I am working from home and lucky to be working from home.

No driving.

Actually been days since I drove anywhere.

I am working.

I get tired, very tired.

With all that is going on, weary is such a perfect word.

Bedtime comes, I read in bed for a minute and the eyes start to close.

And off to the land of Nod.

At least for a bit.

At some point in the night, I wake up.

I am not moving but my brain is speeding at a bazillion miles an hour.

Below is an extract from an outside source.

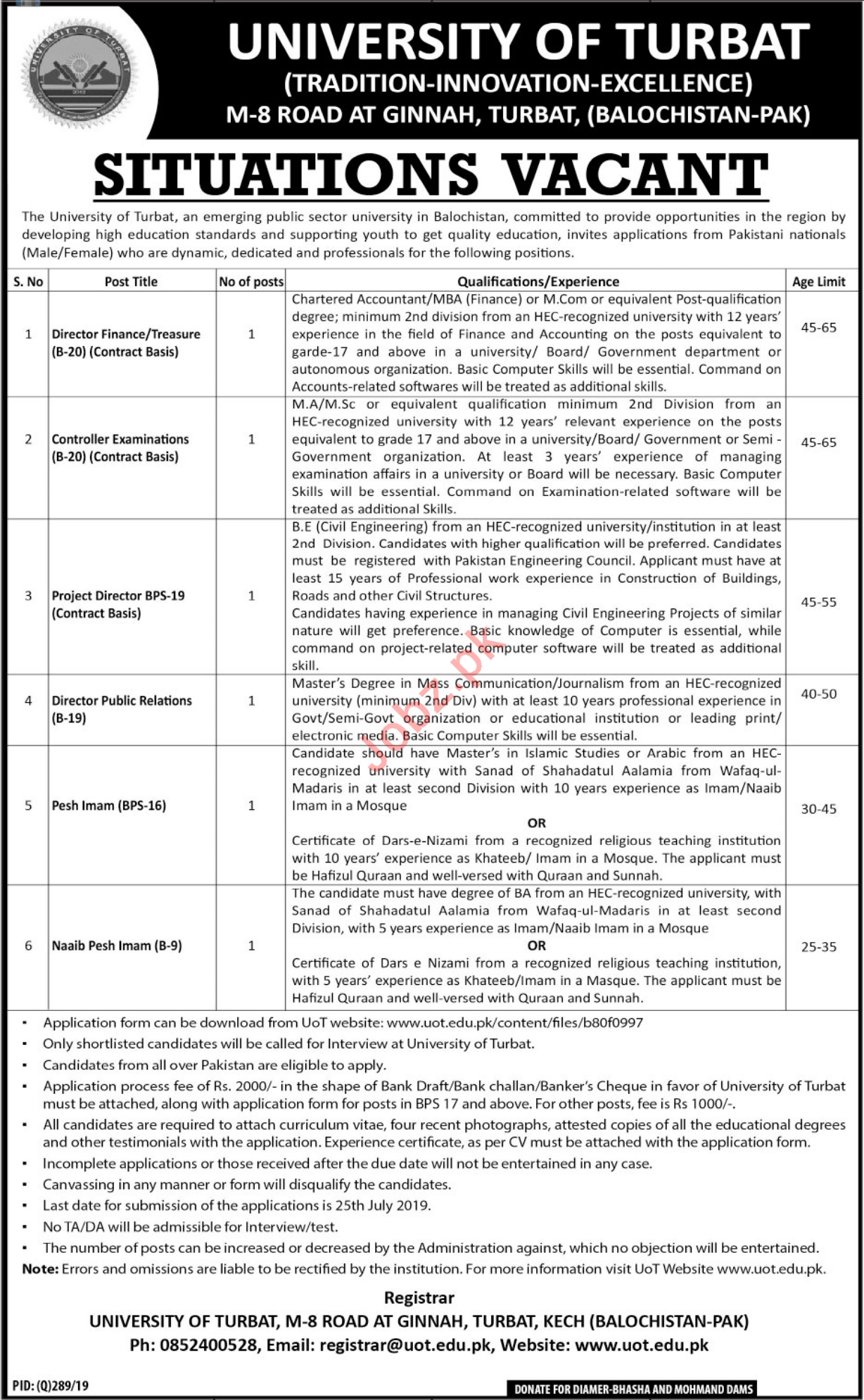 A Well-Known Government Organization University Of Turbat in Turbat is looking for qualified, expert and Well-Mannered staff for their Organization for the Job of Director Finance/Treasurer, Controller Examinations, Project Director, Director Public Relations, Pesh Imam and Naib Pesh Imam.

At that awful hour of 3AM.

Ray Bradbury has been there.

In Something Wicked This Way Comes, Mr. Bradbury writes, “Oh God, midnight’s not bad, you wake and go back to sleep, one or two’s not bad, you toss but sleep again. Five or six in the morning, there’s hope, for dawn’s just under the horizon. But three, now, Christ, three A.M.! Doctors say the body’s at low tide then. The soul is out. The blood moves slow. You’re the nearest to dead you’ll ever be save dying. Sleep is a patch of death, but three in the morn, full wide-eyed staring, is living death! You dream with your eyes open.”

Hemingway writes of his mind and being able to choke it so he could sleep.

Not that I dare put myself in the same boat with Mr. Hemingway or Mr. Bradury, but that they are in the boat with me where we say “To work my mind, when body’s work’s expired“, as Mr. Shakespear put it.

Because Big Bill is also in the boat with us.

Big Bill lived and worked 300 years ago and was plagued with the sleepless nights and the overactive mind.

In his Sonnet XXVII, he writes;
Weary with toil, I haste me to my bed,
The dear repose for limbs with travel tired;
But then begins a journey in my head,
To work my mind, when body’s work’s expired:
For then my thoughts, from far where I abide,
Intend a zealous pilgrimage to thee,
And keep my drooping eyelids open wide,
Looking on darkness which the blind do see
Save that my soul’s imaginary sight
Presents thy shadow to my sightless view,
Which, like a jewel hung in ghastly night,
Makes black night beauteous and her old face new.
Lo! thus, by day my limbs, by night my mind,
For thee and for myself no quiet find.

All of us in the boat together.

All of us asking where is sleep.

It would take someone as wise as Solomon to answer.

Lucky for me, Solomon did.

In Proverbs, Solomon writes, “When you lie down, you will not be afraid; when you lie down, your sleep will be sweet.”

What is the secret to this sweet sleep?

“Do not let wisdom and understanding out of your sight, preserve sound judgment and discretion.” (Proverbs 3:19-21 NIV)



Sound judgement.



No problem.

And I thought toilet paper was in short supply.